Extracted records:
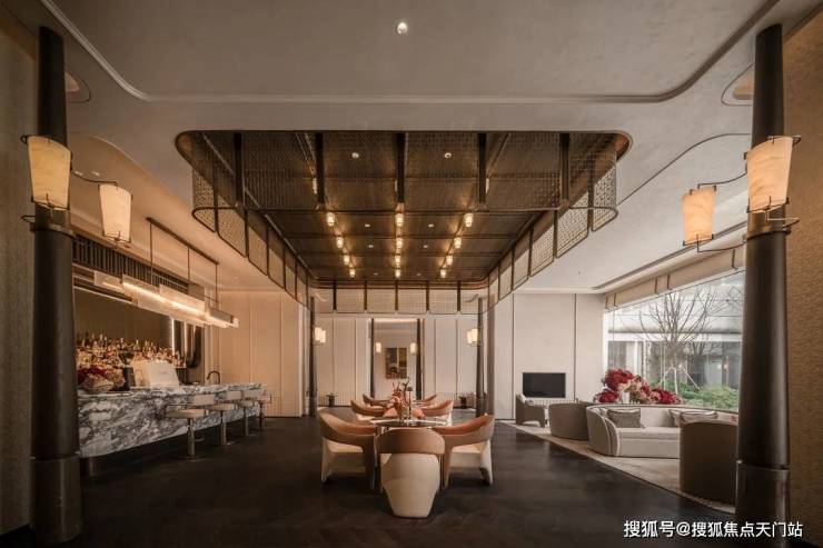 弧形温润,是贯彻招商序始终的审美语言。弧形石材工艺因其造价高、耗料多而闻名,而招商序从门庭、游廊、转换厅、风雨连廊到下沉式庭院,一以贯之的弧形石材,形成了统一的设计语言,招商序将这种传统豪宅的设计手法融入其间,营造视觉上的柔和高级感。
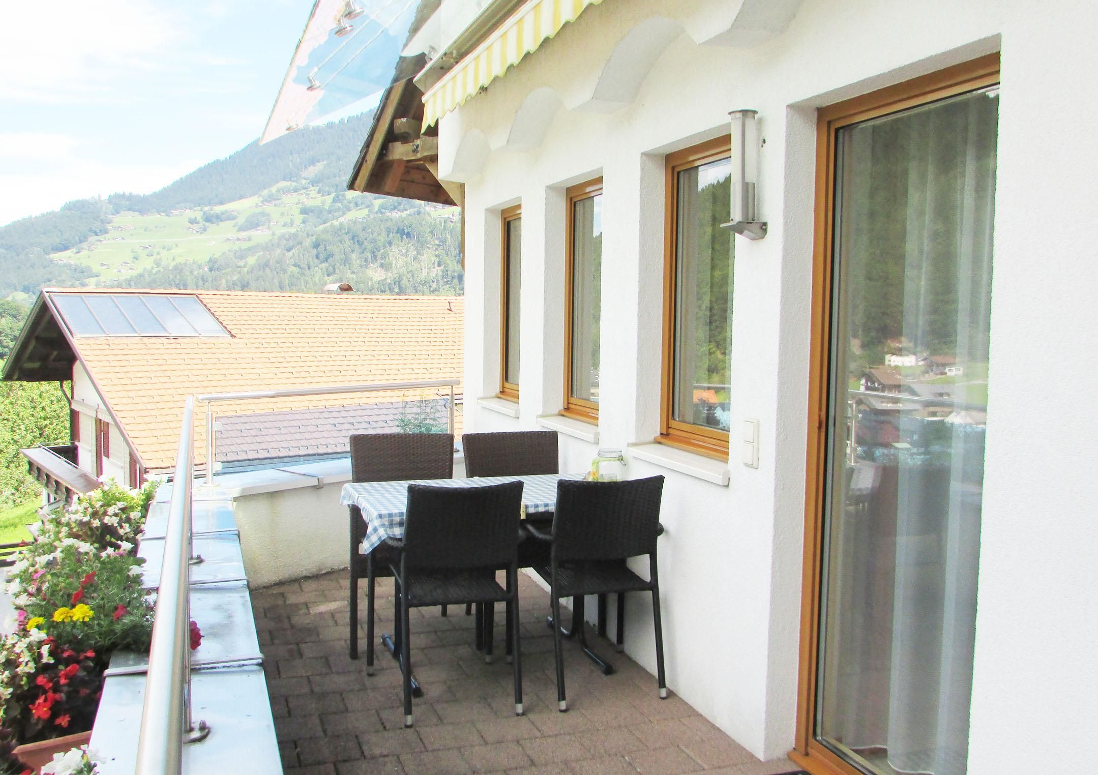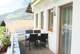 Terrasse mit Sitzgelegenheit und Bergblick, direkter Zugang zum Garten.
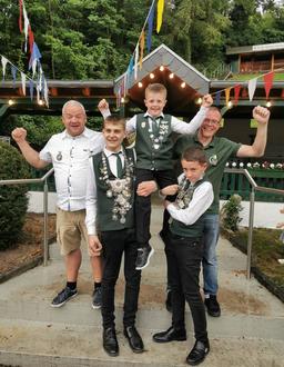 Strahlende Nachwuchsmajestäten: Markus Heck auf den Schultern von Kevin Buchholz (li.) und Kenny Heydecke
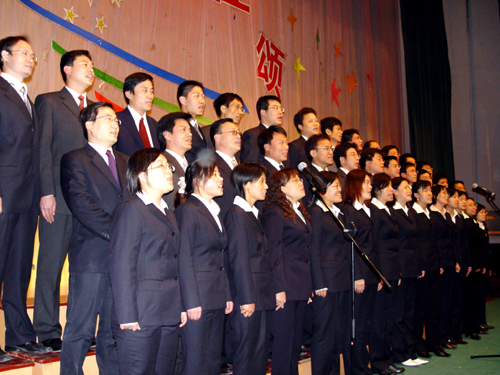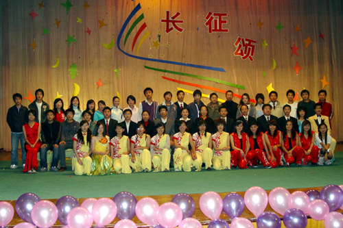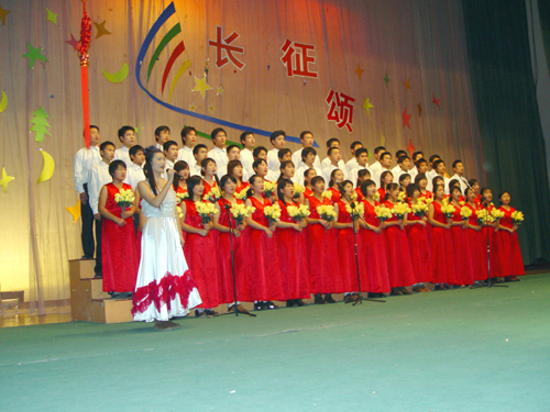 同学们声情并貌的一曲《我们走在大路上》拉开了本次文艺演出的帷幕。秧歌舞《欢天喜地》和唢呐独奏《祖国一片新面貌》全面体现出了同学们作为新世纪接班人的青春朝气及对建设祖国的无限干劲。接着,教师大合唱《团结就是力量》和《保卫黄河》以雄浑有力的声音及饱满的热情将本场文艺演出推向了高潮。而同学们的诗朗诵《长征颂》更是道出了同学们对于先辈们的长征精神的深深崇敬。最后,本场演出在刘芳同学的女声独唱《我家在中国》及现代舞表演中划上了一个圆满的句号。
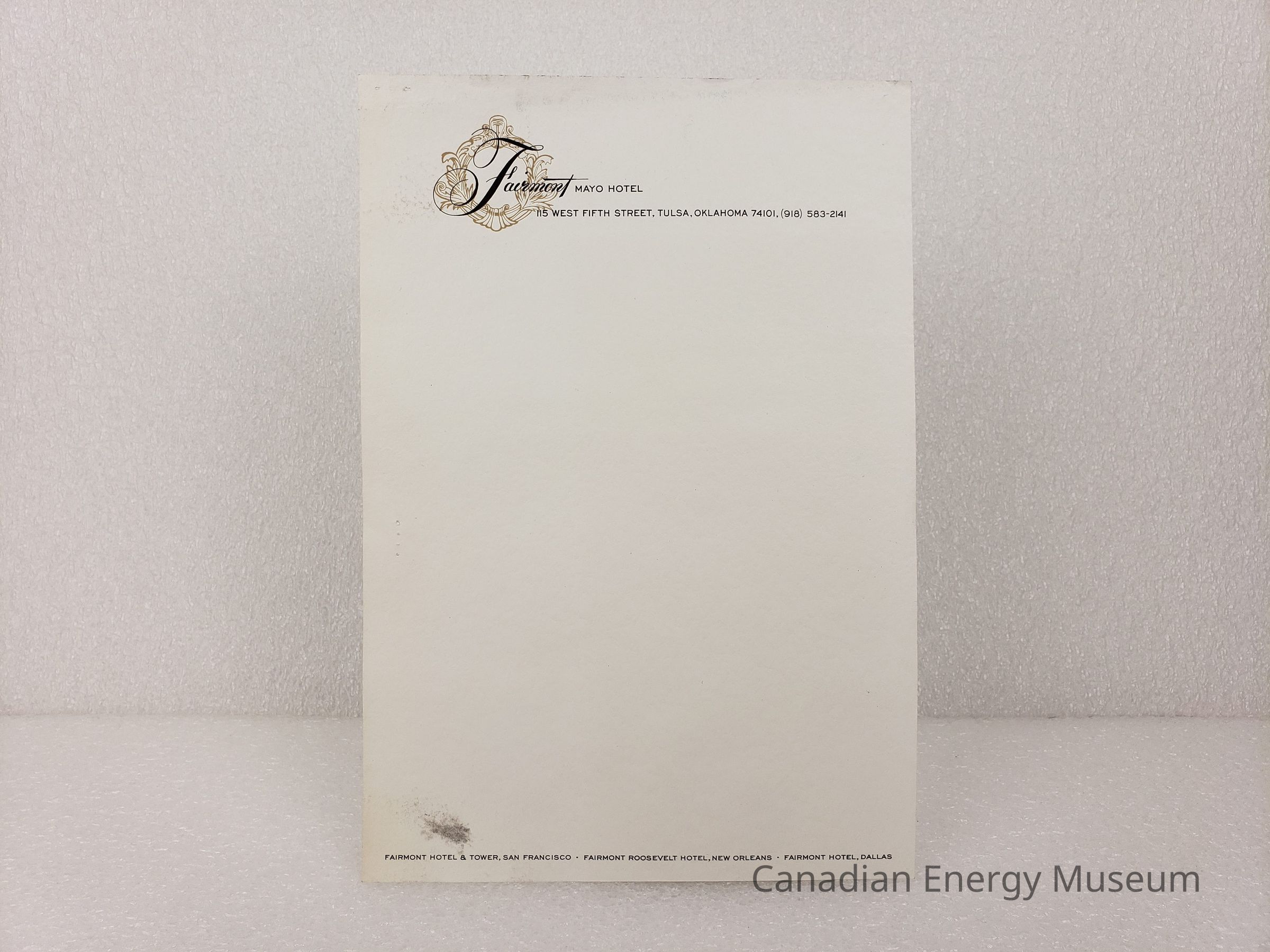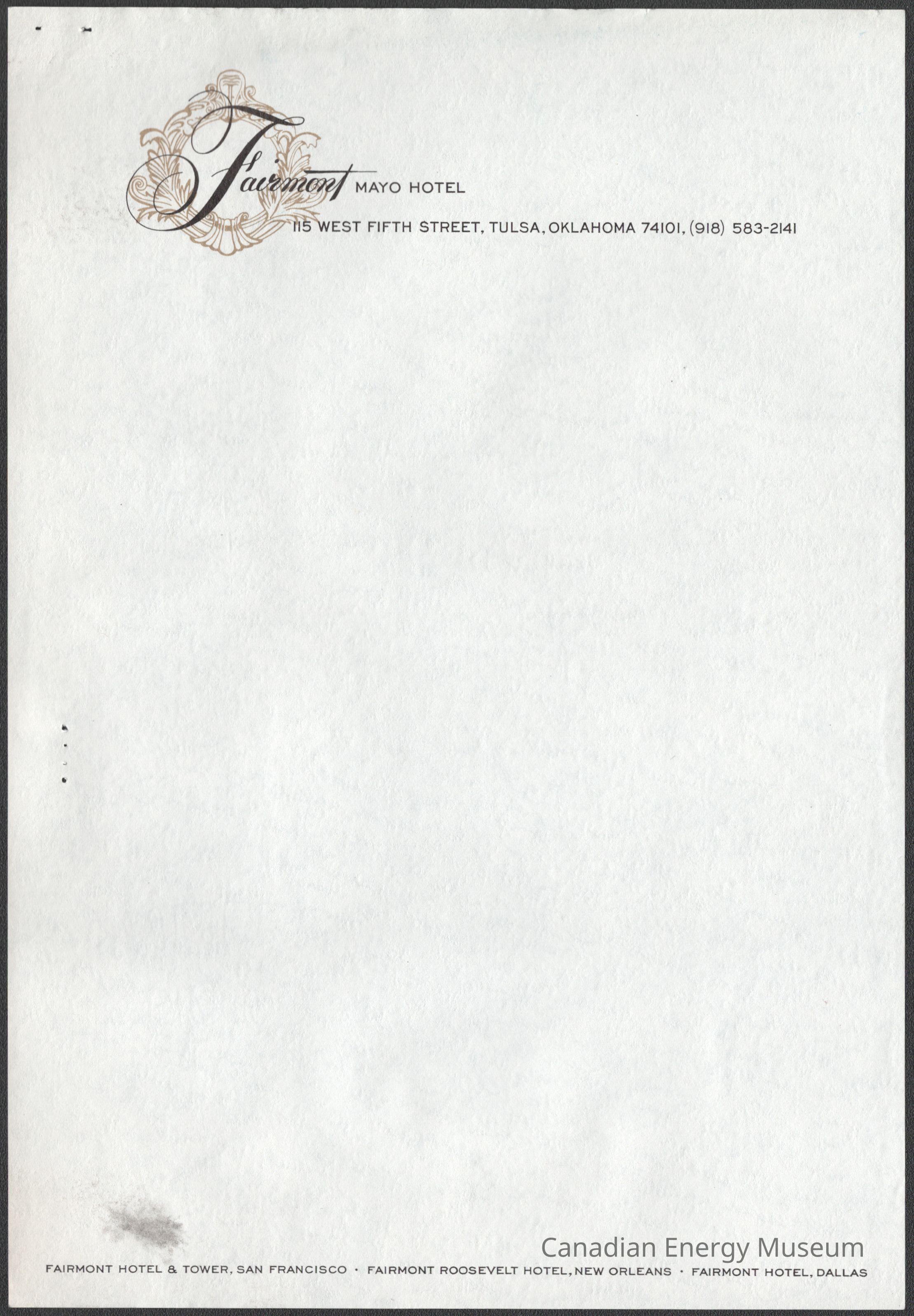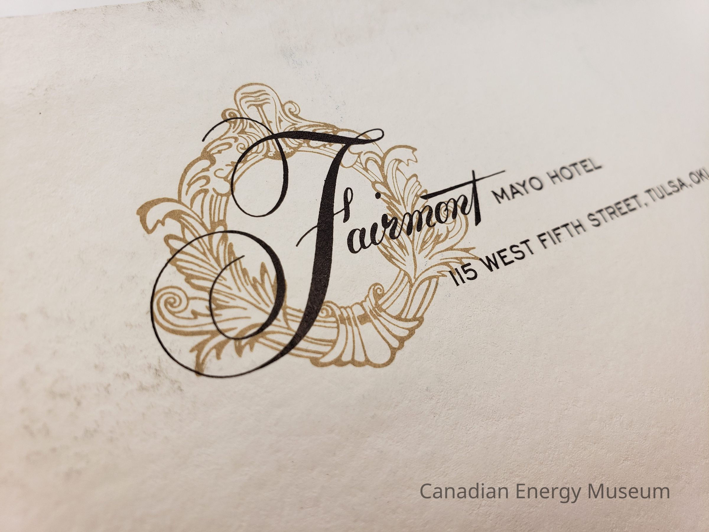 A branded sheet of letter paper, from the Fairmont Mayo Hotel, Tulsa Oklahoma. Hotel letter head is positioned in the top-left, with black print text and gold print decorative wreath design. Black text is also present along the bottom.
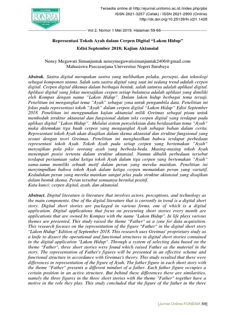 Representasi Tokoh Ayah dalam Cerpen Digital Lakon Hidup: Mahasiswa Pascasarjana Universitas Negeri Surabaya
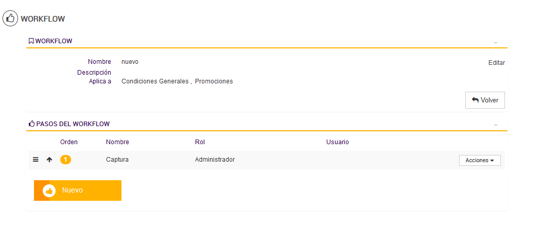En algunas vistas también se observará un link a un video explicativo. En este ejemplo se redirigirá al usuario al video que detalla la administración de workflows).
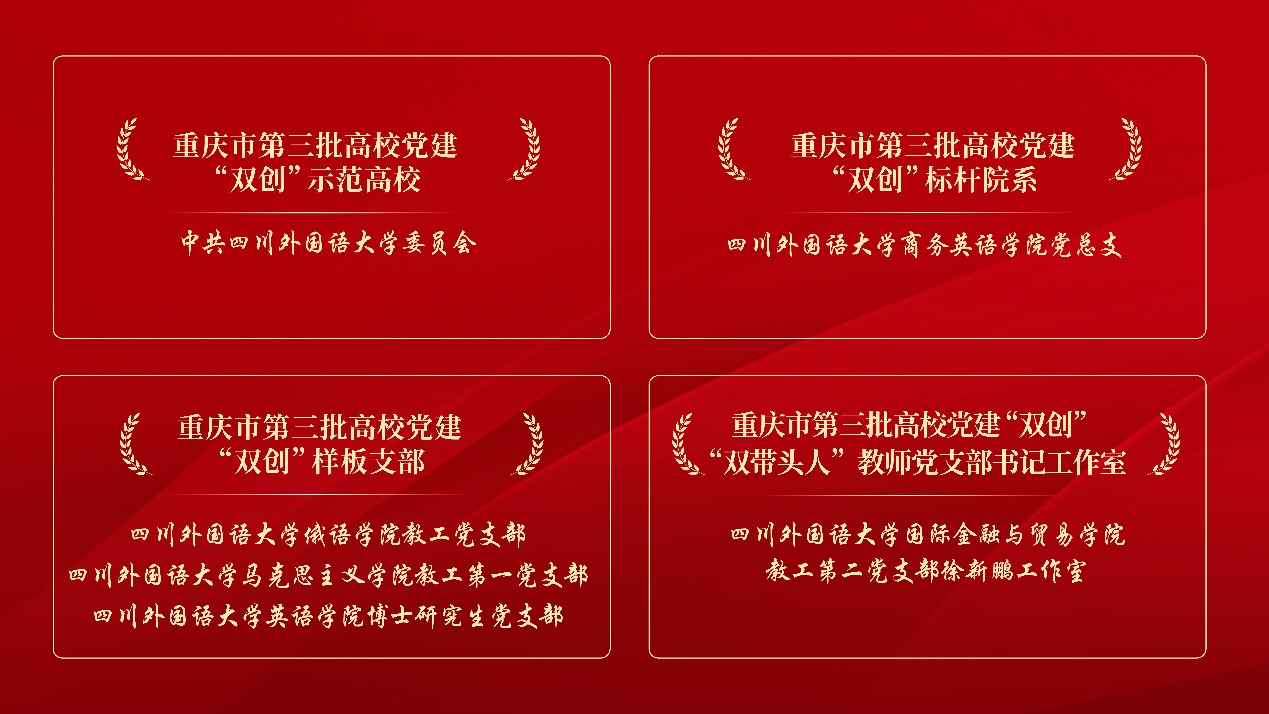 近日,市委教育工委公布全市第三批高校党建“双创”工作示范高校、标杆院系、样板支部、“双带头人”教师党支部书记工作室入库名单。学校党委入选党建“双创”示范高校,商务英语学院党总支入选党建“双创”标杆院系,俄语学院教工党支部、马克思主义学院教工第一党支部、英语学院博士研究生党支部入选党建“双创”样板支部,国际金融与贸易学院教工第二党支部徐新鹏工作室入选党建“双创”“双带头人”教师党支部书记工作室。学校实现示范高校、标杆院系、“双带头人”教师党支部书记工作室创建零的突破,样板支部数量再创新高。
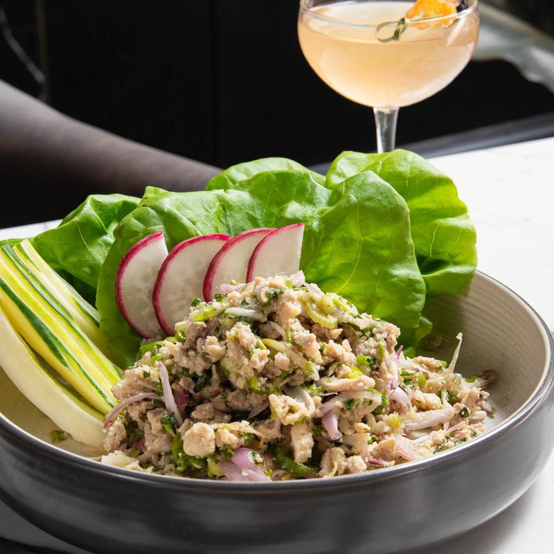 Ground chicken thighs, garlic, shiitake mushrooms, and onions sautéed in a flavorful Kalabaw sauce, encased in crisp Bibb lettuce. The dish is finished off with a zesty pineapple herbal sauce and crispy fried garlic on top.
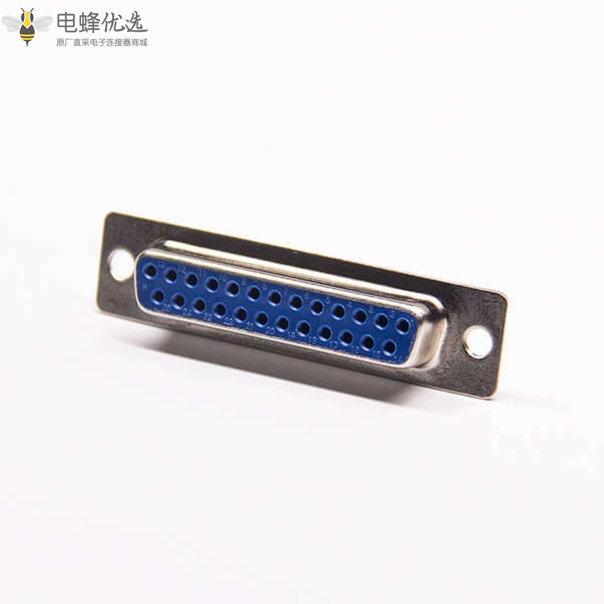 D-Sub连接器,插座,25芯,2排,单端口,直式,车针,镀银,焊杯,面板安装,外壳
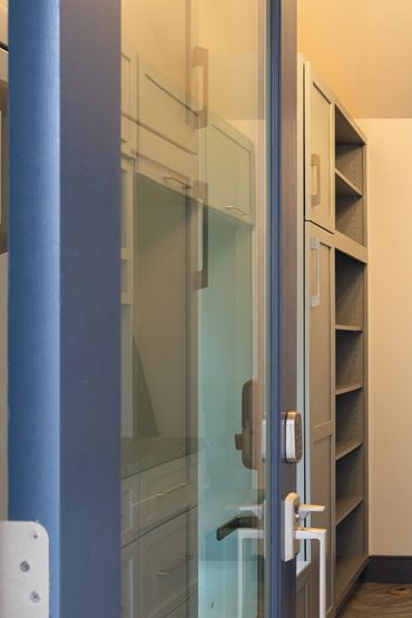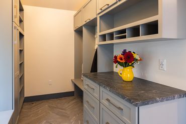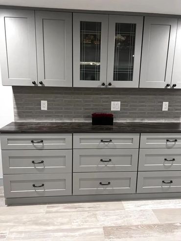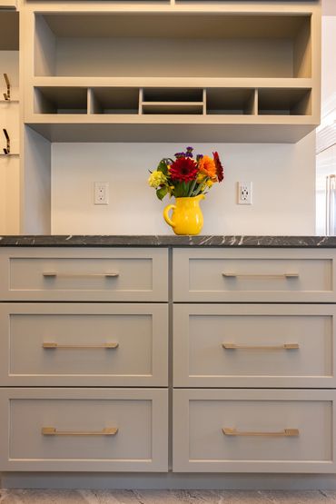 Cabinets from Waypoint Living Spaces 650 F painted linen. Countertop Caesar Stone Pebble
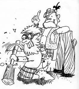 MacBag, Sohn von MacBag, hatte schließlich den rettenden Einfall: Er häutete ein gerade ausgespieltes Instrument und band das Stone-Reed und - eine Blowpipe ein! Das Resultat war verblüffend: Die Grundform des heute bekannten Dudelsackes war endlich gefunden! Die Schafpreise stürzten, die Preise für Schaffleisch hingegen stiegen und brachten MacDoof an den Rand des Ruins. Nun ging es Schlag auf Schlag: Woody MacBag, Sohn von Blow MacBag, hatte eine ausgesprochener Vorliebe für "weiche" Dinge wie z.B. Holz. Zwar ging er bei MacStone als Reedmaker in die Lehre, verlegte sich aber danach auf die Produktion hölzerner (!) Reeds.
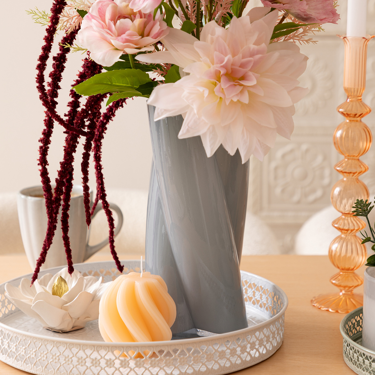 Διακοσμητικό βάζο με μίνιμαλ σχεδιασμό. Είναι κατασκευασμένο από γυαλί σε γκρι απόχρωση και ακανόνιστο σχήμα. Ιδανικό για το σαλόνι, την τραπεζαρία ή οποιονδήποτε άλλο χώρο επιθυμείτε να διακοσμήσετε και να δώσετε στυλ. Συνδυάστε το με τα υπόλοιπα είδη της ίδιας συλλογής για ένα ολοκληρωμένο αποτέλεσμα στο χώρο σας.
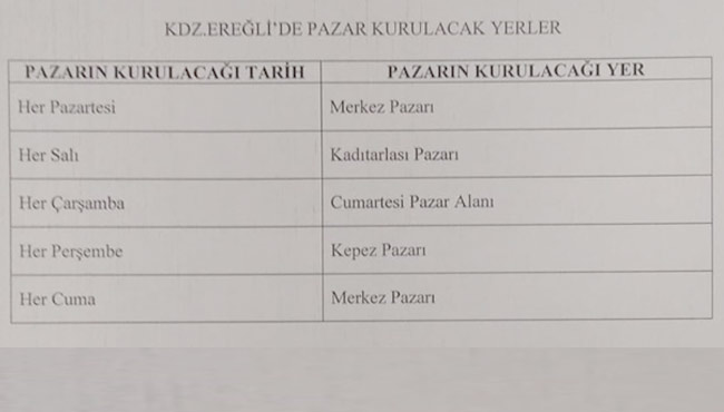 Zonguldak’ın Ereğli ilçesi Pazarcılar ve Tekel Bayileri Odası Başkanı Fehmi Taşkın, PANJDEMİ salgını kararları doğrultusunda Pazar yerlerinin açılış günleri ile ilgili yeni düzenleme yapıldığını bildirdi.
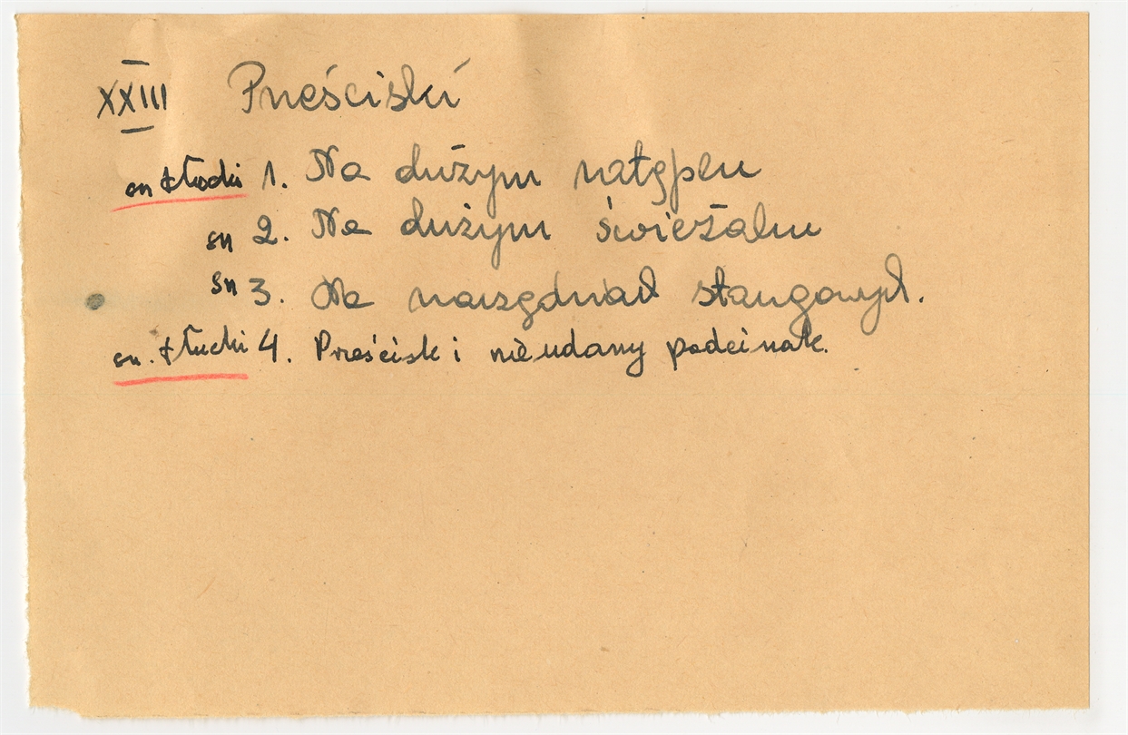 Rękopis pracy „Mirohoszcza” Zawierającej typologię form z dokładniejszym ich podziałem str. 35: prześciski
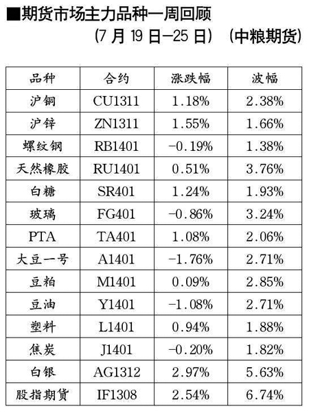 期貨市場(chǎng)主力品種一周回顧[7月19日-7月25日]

**Task directions**
Give the lines again word for word, from the start of the records to the line holding "D-Sub连接器,插座,25", both included, and leave out any picture.

**Solution to this problem**
 弧形温润,是贯彻招商序始终的审美语言。弧形石材工艺因其造价高、耗料多而闻名,而招商序从门庭、游廊、转换厅、风雨连廊到下沉式庭院,一以贯之的弧形石材,形成了统一的设计语言,招商序将这种传统豪宅的设计手法融入其间,营造视觉上的柔和高级感。
 Terrasse mit Sitzgelegenheit und Bergblick, direkter Zugang zum Garten.
 Strahlende Nachwuchsmajestäten: Markus Heck auf den Schultern von Kevin Buchholz (li.) und Kenny Heydecke
 同学们声情并貌的一曲《我们走在大路上》拉开了本次文艺演出的帷幕。秧歌舞《欢天喜地》和唢呐独奏《祖国一片新面貌》全面体现出了同学们作为新世纪接班人的青春朝气及对建设祖国的无限干劲。接着,教师大合唱《团结就是力量》和《保卫黄河》以雄浑有力的声音及饱满的热情将本场文艺演出推向了高潮。而同学们的诗朗诵《长征颂》更是道出了同学们对于先辈们的长征精神的深深崇敬。最后,本场演出在刘芳同学的女声独唱《我家在中国》及现代舞表演中划上了一个圆满的句号。
 A branded sheet of letter paper, from the Fairmont Mayo Hotel, Tulsa Oklahoma. Hotel letter head is positioned in the top-left, with black print text and gold print decorative wreath design. Black text is also present along the bottom.
 Representasi Tokoh Ayah dalam Cerpen Digital Lakon Hidup: Mahasiswa Pascasarjana Universitas Negeri Surabaya
En algunas vistas también se observará un link a un video explicativo. En este ejemplo se redirigirá al usuario al video que detalla la administración de workflows).
 近日,市委教育工委公布全市第三批高校党建“双创”工作示范高校、标杆院系、样板支部、“双带头人”教师党支部书记工作室入库名单。学校党委入选党建“双创”示范高校,商务英语学院党总支入选党建“双创”标杆院系,俄语学院教工党支部、马克思主义学院教工第一党支部、英语学院博士研究生党支部入选党建“双创”样板支部,国际金融与贸易学院教工第二党支部徐新鹏工作室入选党建“双创”“双带头人”教师党支部书记工作室。学校实现示范高校、标杆院系、“双带头人”教师党支部书记工作室创建零的突破,样板支部数量再创新高。
 Ground chicken thighs, garlic, shiitake mushrooms, and onions sautéed in a flavorful Kalabaw sauce, encased in crisp Bibb lettuce. The dish is finished off with a zesty pineapple herbal sauce and crispy fried garlic on top.
 D-Sub连接器,插座,25芯,2排,单端口,直式,车针,镀银,焊杯,面板安装,外壳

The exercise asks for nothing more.